• _Information supplied_:

↓↓↓

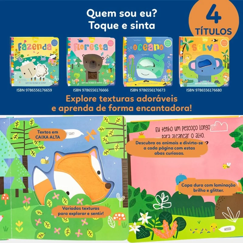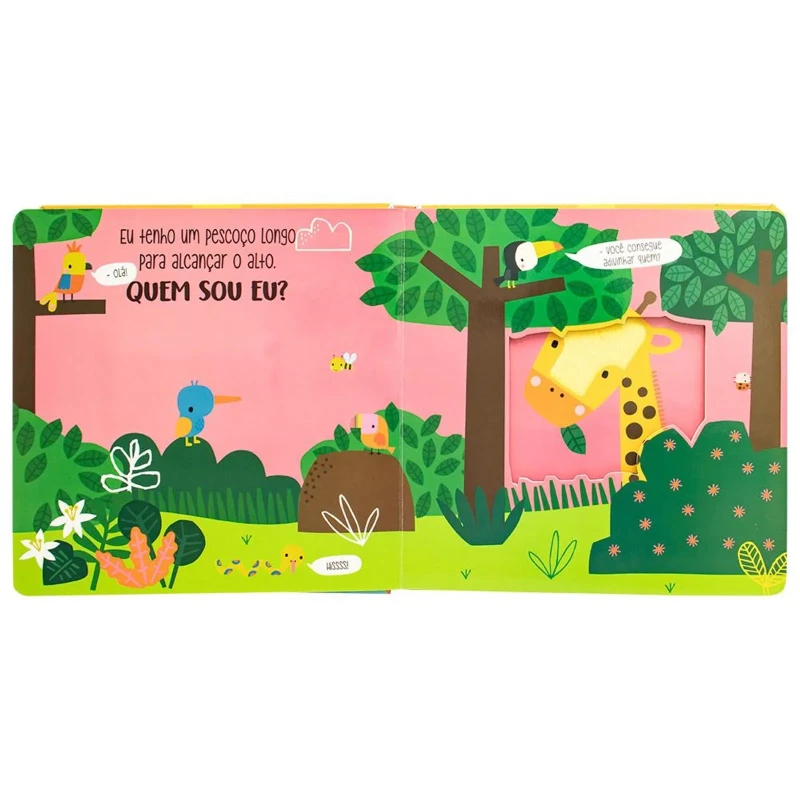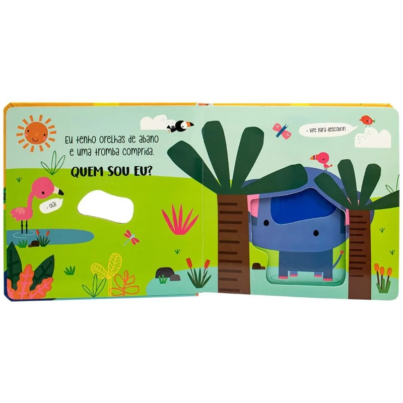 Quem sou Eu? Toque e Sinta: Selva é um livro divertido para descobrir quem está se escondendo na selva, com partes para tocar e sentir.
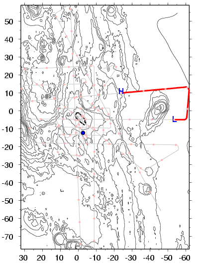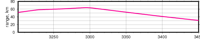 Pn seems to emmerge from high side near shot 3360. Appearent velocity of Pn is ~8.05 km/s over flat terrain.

↑↑↑
↓↓↓

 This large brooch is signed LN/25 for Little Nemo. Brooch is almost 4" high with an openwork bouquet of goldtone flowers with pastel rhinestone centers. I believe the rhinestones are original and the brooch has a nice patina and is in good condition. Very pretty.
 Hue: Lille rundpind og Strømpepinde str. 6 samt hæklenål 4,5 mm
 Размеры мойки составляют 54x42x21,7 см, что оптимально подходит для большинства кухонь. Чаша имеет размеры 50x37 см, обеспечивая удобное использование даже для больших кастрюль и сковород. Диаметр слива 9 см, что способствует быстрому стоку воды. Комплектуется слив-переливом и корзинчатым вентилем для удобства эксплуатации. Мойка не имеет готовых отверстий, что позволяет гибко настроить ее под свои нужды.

↑↑↑

Your answer should consist only of the lines above between the line holding "Hue: Lille rundpind" and the line holding "Размеры мойки составляют", inclusive, each transcribed exactly.

• _Solution_:
 Hue: Lille rundpind og Strømpepinde str. 6 samt hæklenål 4,5 mm
 Размеры мойки составляют 54x42x21,7 см, что оптимально подходит для большинства кухонь. Чаша имеет размеры 50x37 см, обеспечивая удобное использование даже для больших кастрюль и сковород. Диаметр слива 9 см, что способствует быстрому стоку воды. Комплектуется слив-переливом и корзинчатым вентилем для удобства эксплуатации. Мойка не имеет готовых отверстий, что позволяет гибко настроить ее под свои нужды.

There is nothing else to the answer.